Phanom Rung Historical Park

Phanom Rung Historical Park. Muang Tam Sanctuary is a large community religious site in Hinduism presumably built for worshiping Shiva.

From archaeological excavations, clear evidence revealed that human settlements had been established in this area. It is significantly situated on the main communication route that runs from Muang Phra Nakhon, the center of the ancient Khmer Kingdom (Siem Reap). It is assumed that the ancient community at Muang Tam Sanctuary had a vital relationship with other communities on Khmer Civilization Route to the northeast of Thailand.

Phanom Rung Historical Park located in Buriram province, Isaan, Thailand’s and close to the border with Cambodia. Phanom Rung Historical Park is Thailand’s biggest Khmer temple, a wonderfully-restored historical site, it offers a glimpse into the past and to the times when this part of the country was ruled by the Khmer Empire, a mighty regime that was responsible for the magnificent temples of Angkor in nearby Cambodia.
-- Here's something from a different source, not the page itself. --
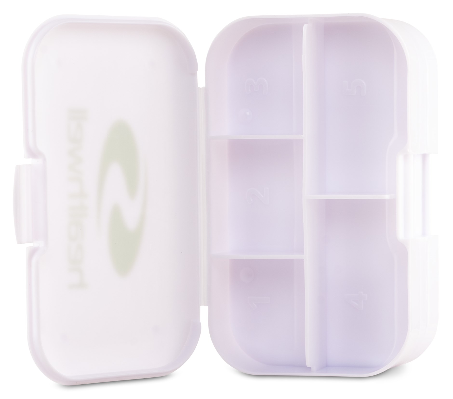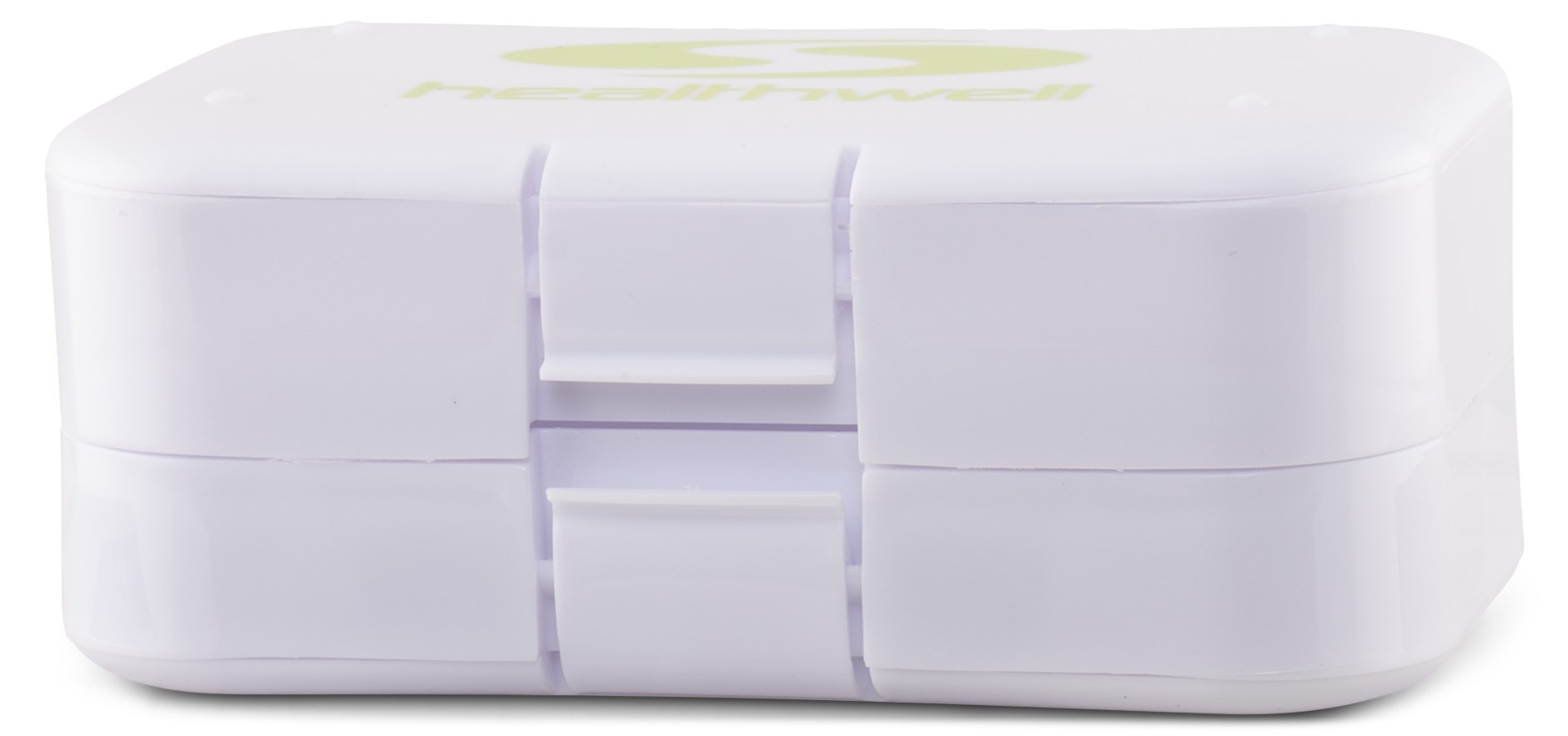 Healthwell Pill Box er en pilleæske, der er fremragende til at organisere dine kosttilskud. Praktisk at have med, når du er ude at rejse. Du kan organisere dig for 7 dage frem, men der er også 5 ekstra opbevaringsrum. Fremragende til at se, hvilken dosis du har taget eller ikke. Hvert rum har en lås, så du kan være sikker på, at pillerne bliver, hvor du lægger dem.

Phanom Rung Historical Park located was built between the 10th and 13th centuries AD, with much of the construction during the rule of King Suryavarman II. King Suryavarman II reigned over the Khmer Empire between 1113 and 1150, during the empire’s golden age, and was the leader responsible for the stunning Angkor Wat in what is now modern-day Cambodia.

Phanom Rung was originally built as a Hindu temple dedicated to Shiva, the transcendent destroyer deity. Located on top of an extinct volcano, Phanom Rung represented Mount Kailasa, the mythological mountain home of Shiva.
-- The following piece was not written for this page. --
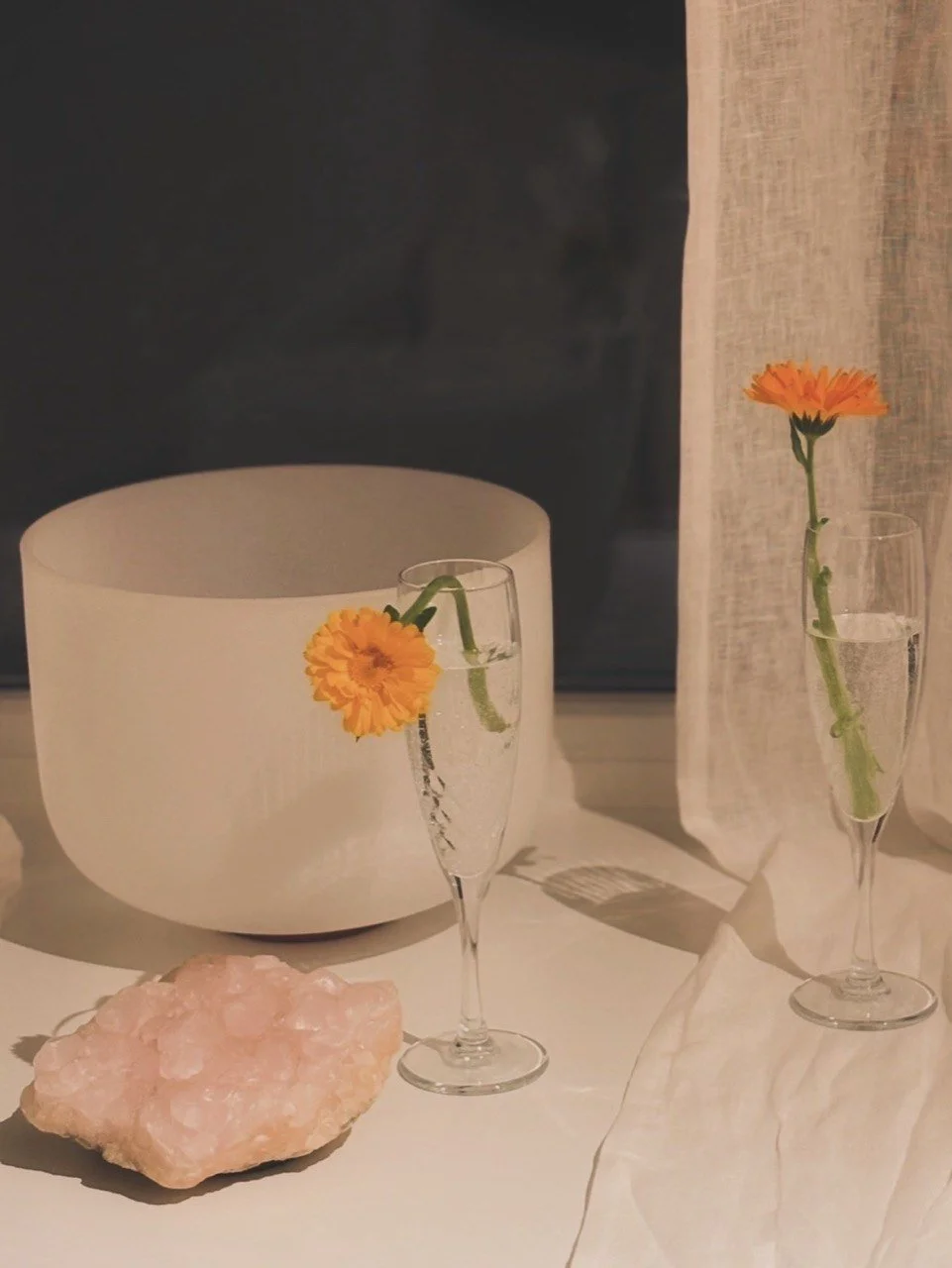 Rose Quarz, Calendula and Crystal Bowl.

Later years saw Phanom Rung being changed into a Buddhist place of worship, with several alterations and additions. Having eventually fallen into disrepair and decay, the site was restored during the 1970s and 1980s to showcase its former glory, reopening to the public again in 1988. Today’s visitors can enjoy exploring the largest and most well-preserved Khmer temple in all of Thailand.

A sweeping and wide set of steps leads up the mountain to its crowning temple jewel. A large courtyard sits in front of the main pagoda, and you can explore a number of well-restored buildings and shrines. Walk across bridges with stone nagas (multi-headed serpents) slithering down the sides, symbolising the bridge between the heavens and earth. Visit the pavilion of Phlab Phla / White Elephant House, and see the fancy former changing areas of past royalty. Stroll along the royal walkway, and admire the grand sandstone posts with lovely lotus buds on the top.

The main tower is flanked by two smaller rectangular buildings, believed to have been used to house sacred Buddhist texts. The main tower has four porches that face north, south, east, and west, and the smaller sandstone pagoda has a grand altar. Stroll through the long, narrow rooms over the inner gallery and wander through the various sanctuaries around the complex.

Many surfaces of the temple’s buildings are adorned with intricate carvings that tell stories from Hindu mythology. Carefully pieced back together during restoration efforts, you’ll see depictions of the various incantations of the Hindu god, as well as images of flowers and scenes from times gone by. Learn more about the beliefs of people from the past through the fascinating visual stories.

There are statues dedicated to both Hindu deities and the Lord Buddha. Buddha images in various poses sit alongside sacred Hindu statues, such as cows and the phallic-like lingam. You may also spot small towers of balancing stones, added by faithful devotees during their visits to the complex.

 

Nandin, was the son of Kashyapa and Surabhi. Shiva wanted Surabhi to be his follower but minded her being female. Kashyapa volunteered to mate the cow who gave birth the bull named Nandin, presented to be the Shiva’s guardian together with Mahakala of the eastern entrance to Shiva’s residence on Kaisala Mountain and turned into a bull and acted as his vehicle when Shiva’s went out.